Ю. Ф. высказал предположение, что в случае ареста ему, вероятно, дадут слабое наказание, а Гинзбурга, Руденко и Тихого постараются выставить уголовниками и дать максимальные сроки.
Не более чем через 5 минут после того, как Ю. Ф. заговорил вслух, в квартире отключили телефон (хорошая иллюстрация на тему, прослушиваются ли наши дома). Еще через 15 минут, когда корреспонденты собрались уходить, а вместе с ними и Ю. Ф., я вышла вперед — проверить, свободен ли путь. У подъезда стояла кагебистская машина, в подъезде целовалась какая-то парочка. Толя Щаранский узнал «кавалера», тот не раз ходил за ним следом.
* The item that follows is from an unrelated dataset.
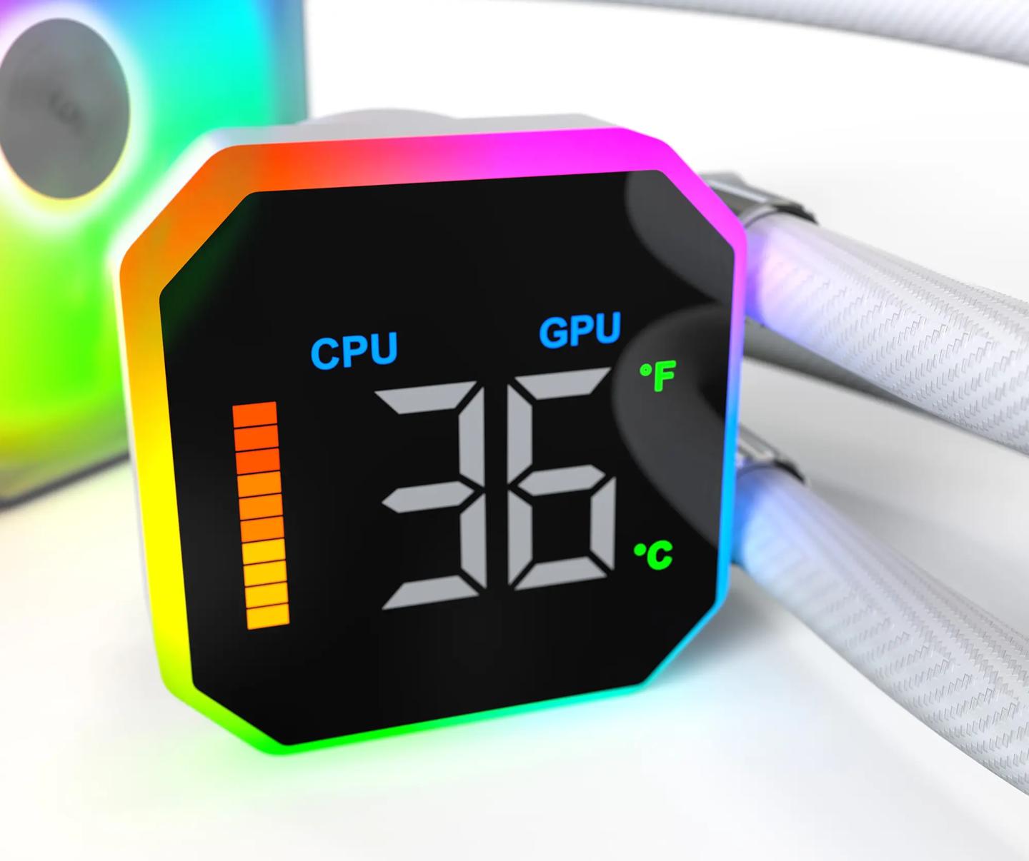 IT之家 9 月 26 日消息,MONTECH 君主科技 22 日宣布推出 HyperFlow Digital 240 / 360 处理器一体式水冷散热器,其在冷头上配备了一块七段式数字显示屏幕,可以摄氏度或华氏度显示 CPU 或 GPU 的实时温度情况。
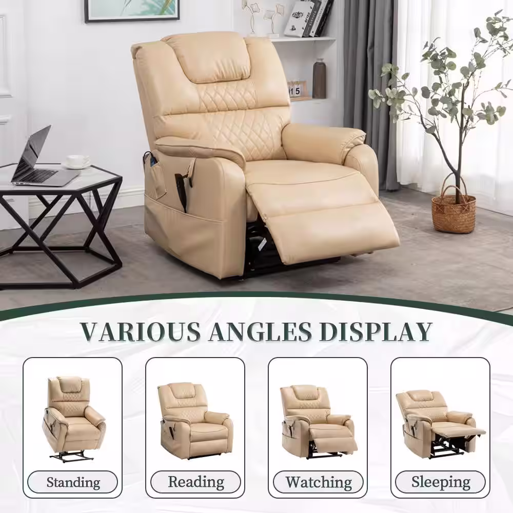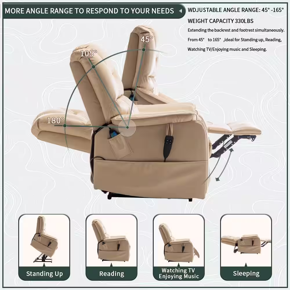 Clihome Beige Ergonomic Velvet Power Lift Recliner Chair for Elderly with Side Pocket and Remote Control

Ю. Ф. решил остаться у нас на ночь. Поставили ему раскладушку, но почти не ложились. Мы шептались в темной кухне. Он вспоминал то одно, то другое дело, которое надо довести до конца. Я не записывала, старалась запомнить. В пятом часу ночи я разбудила сына и попросила обежать вокруг дома: вдруг на ночь осаду сняли. Был сильный мороз, он основательно оделся: сапоги, полушубок. Но не пришлось даже спускаться на лифте. Только открыл дверь из квартиры — прямо под дверью стоял какой-то тип, и на лестнице сидели двое.
Утром я вышла звонить по автомату (телефон по-прежнему бездействовал). На лестнице — и вверху, и внизу — сидели ражие молодцы, такие же толпились в подъезде. Около дома, на расчищенной от снега площадке, сгрудилось несколько машин. Я предупредила Иру, что Ю. Ф. у меня, чтобы она и В. Турчин приехали посоветоваться. Я была за то, чтобы Ю. Ф. не выходил, остался жить у нас. Он сказал, что, пожалуй, так и сделает, и стал соображать, чем заняться в ближайшие дни. Среди намеченных дел была уборка снега с балкона.